K-Nearest Neighbors is another classification algorithm from statistics. It uses similarity between data-points to predict the class. In our experimental set-up, we utilize Euclidean distance which can be computed between any two data-points namely x_i and x_j as Eq. (8). Suppose for defect prediction problem, vector x denotes the attribute set and y is a set with two elements {buggy, clean}; denotes the classes to which each data-point uniquely belongs.

$$D\left( {x_{i} ,x_{j} } \right)\; = \;\sqrt {\mathop \sum \limits_{i = 1}^{k} (x_{ik} - x_{jk} )^{2} }$$

(8)

Assume buggy is denoted with ‘ + 1’ and clean with ‘-1’, hence y = {+ 1,-1}. For the instance, x_q, K-NN will make classification using the Eq. (9) after computing the ‘k’ nearest neighbors of x_q using Eq. (8). Suppose N_k denotes the set of ‘k’ neighbors of x_q.

$${{\hat{y}}}_{{\text{q}}} \; = \;{\text{sign }}\left( {{}\mathop \sum \limits_{{{\text{x}}_{{\text{i}}} \in {\text{ N}}_{{\text{k}}} }} {\text{y}}_{{\text{i}}} } \right)$$

(9)

Decision Trees based classifiers are built using Classification and Regression Trees (CART) algorithm. Decision trees are hierarchical, non-parametric, supervised machine learning models. A tree is comprised of few internal nodes with decision functions and external leaves. In our experiments, we used the ‘entropy’ as a measure of impurity which in turn records the goodness of split. Let us compute entropy for a node in classification tree say node ‘a’; N_a denotes the number of instances that reaches to node ‘a’; $N_{a}^{buggy}$ and $N_{a}^{clean}$ denotes the number of nodes in N_a that belongs to class ‘buggy’ and class ‘clean’ respectively. Suppose an instance reaches node ‘a’ then its chances of being ‘buggy’ is given as Eq. (10). Similarly, its chances of being ‘clean’ is computed using Eq. (11). Entropy is computed as Eq. (12) for 2-class classification problem.

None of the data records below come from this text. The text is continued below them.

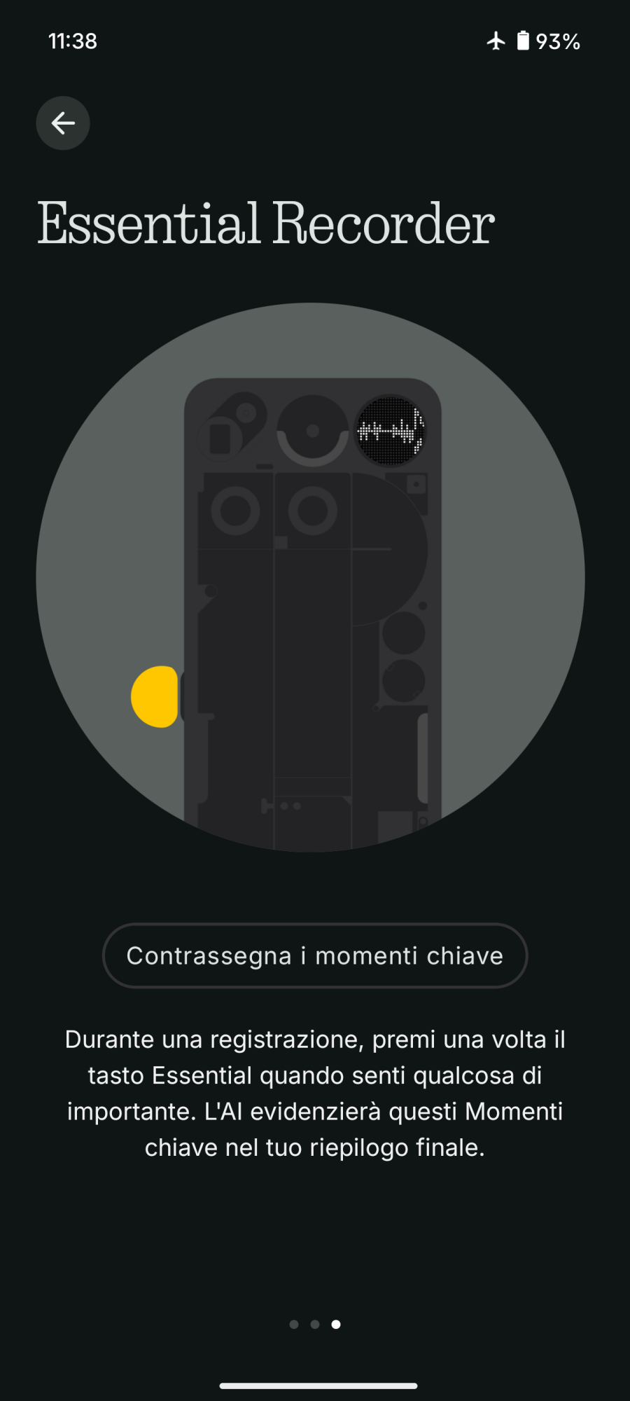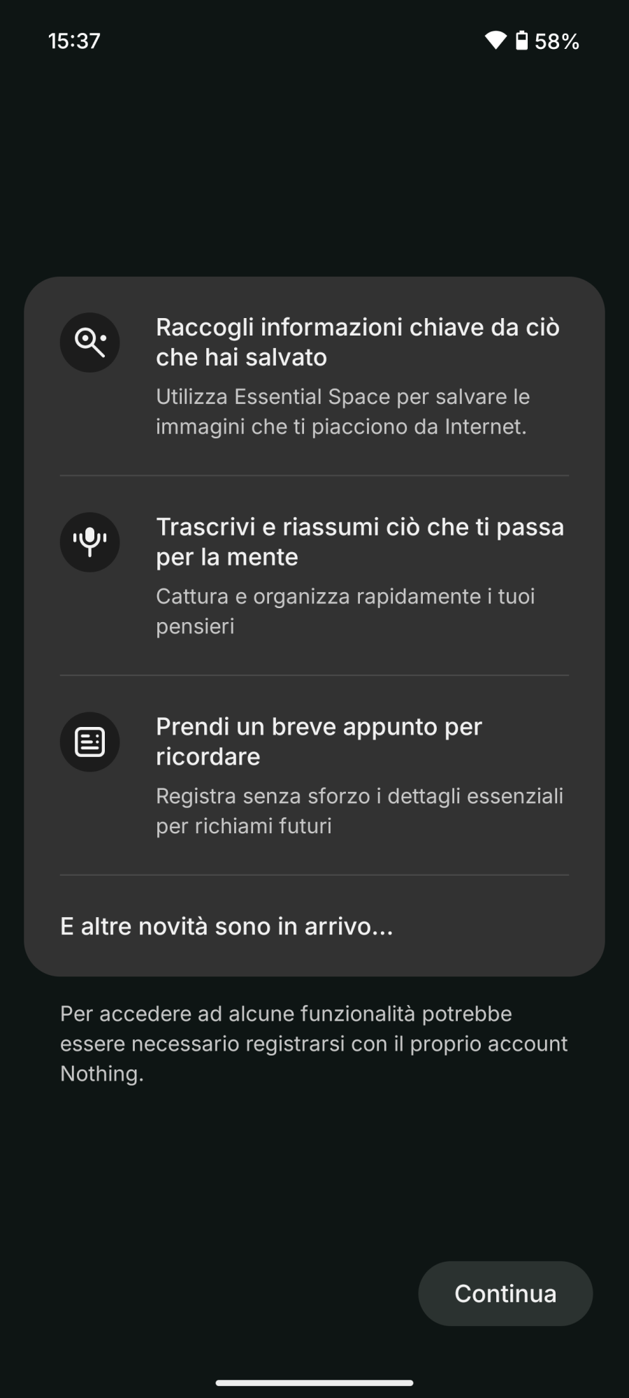 Il concetto di Essential Space, introdotto con la serie (3a), rimane una caratteristica centrale. Si tratta di una sorta di bacheca digitale in cui è possibile salvare screenshot, registrare promemoria vocali o catturare informazioni visive o audio dal mondo circostante. Questi elementi vengono poi analizzati e riassunti dall'AI per facilitare la ricerca futura. L'accesso rapido a questa funzione avviene tramite la Essential Key dedicata sul lato del telefono. La Essential Key, pur essendo un tentativo lodevole di Nothing di innovare, può risultare fastidiosa a causa delle pressioni accidentali e dell'impossibilità di disattivarla o rimapparla.
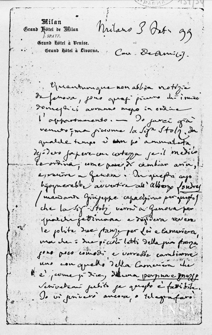 Corrispondenza Giuseppe Verdi a Giuseppe De Amicis, 03/02/1899 Milano, 3 febbraio 1899 read Giuseppe Verdi a Giuseppe De Amicis, 03/02/1899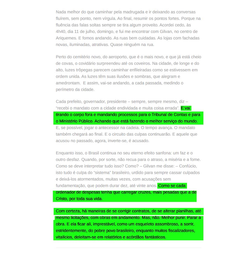 Para além disto, Confúcio Moura ainda nivela o calvário de ordenadores de despesas – geralmente políticos –, ao peso da cruz de Cristo. Aliás, nivelar seria um termo equivocado. Ele dá a entender que o peso nas costas de quem é responsável pela Administração Pública seria até maior.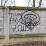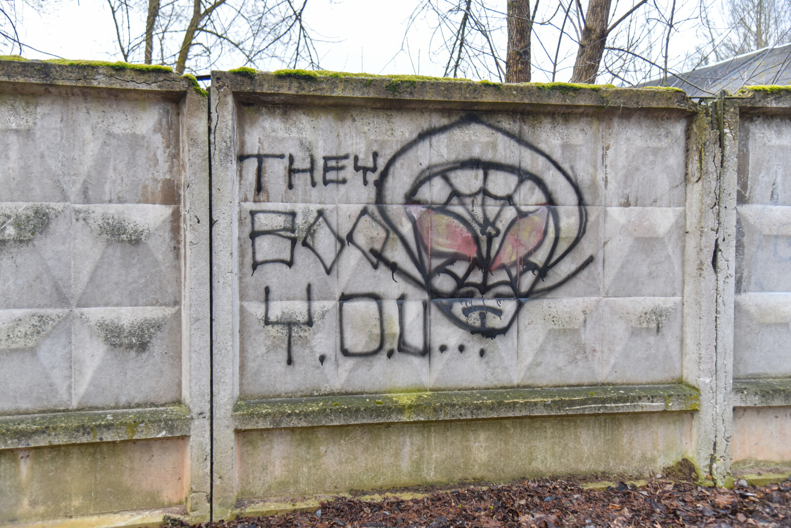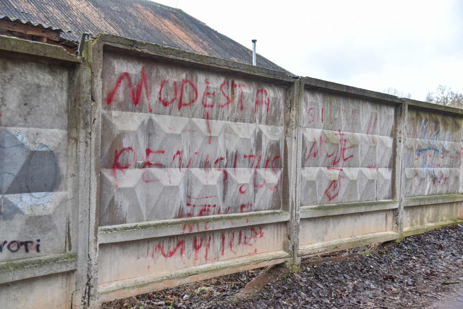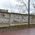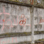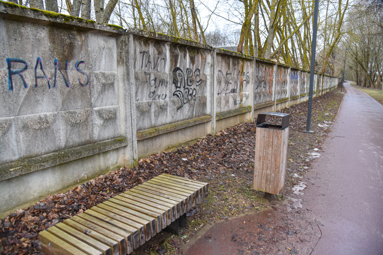 Savivaldybės prieš trejus metus iš panevėžiečio išpirkta ir nebaigta griauti tvarkomo Skaistakalnio parko gelžbetoninė tvora virto savotiška piešimo lenta necenzūrinių teplionių gerbėjams.

$$p_{a}^{buggy} = \frac{{N_{a}^{buggy} }}{{N_{a} }}$$

(10)

$$p_{a}^{clean} \; = \;\frac{{N_{a}^{clean} }}{{N_{a} }}$$

(11)

$${\text{Entropy }}\left( {\text{node\,'a'}} \right)\; = \; - \, \left( {\left( {p_{a}^{buggy} } \right){\text{log}}\left( {p_{a}^{buggy} } \right) + p_{a}^{clean} {\text{log}}\left( {p_{a}^{clean} } \right)} \right)$$

(12)

Artificial neural networks are implemented with standard feed-forward, error backpropagation algorithm. For n-feature input data X = < x₁,x₂,…,x_n > , there are n input neurons. For sigmoid activation function, the output $\hat{y}_{i}$ for i^th neuron is computed using Eq. (13). In this way, features are fed in forward direction from input layer to hidden layer, then from hidden to output layer. The computed output at output neuron is compared with the actual output and the error is computed as Eq. (14) as half of the sum of squares of difference between the actual output and predicted output and the error is back propagated to update weights as per Eq. (15) and learning takes place in this way to minimize the error.

$$\hat{y}_{i} = sig(\mathop \sum \limits_{i = 1}^{n} w_{i} x_{i} + w_{o} )$$

(13)

where $w_{i}$ denotes weight for i^th neuron and $w_{o}$ denotes the bias;

$${\text{error }} = \frac{1}{2}\mathop \sum \limits_{m} \mathop \sum \limits_{i}^{n} (y_{i} - \hat{y}_{i} )^{2}$$

(14)

where m denotes number of output neuron.

Δw = η. error. input signal

$$\eta .\frac{1}{2}\mathop \sum \limits_{m} \mathop \sum \limits_{i}^{n} (y_{i} - \hat{y}_{i} )^{2} \cdot x_{i}$$

(15)

where η denotes learning rate.

Support vector machine works on Vapnik theory of maximum marginal methods. We used the RBF kernel setting for SVM. For ‘n’ instances denoted as < X_i,y_i > , it finds the optimal separating hyperplane between two classes denoted {buggy as + 1,clean as -1} by finding w₁ and w₂ which satisfies Eq. (16).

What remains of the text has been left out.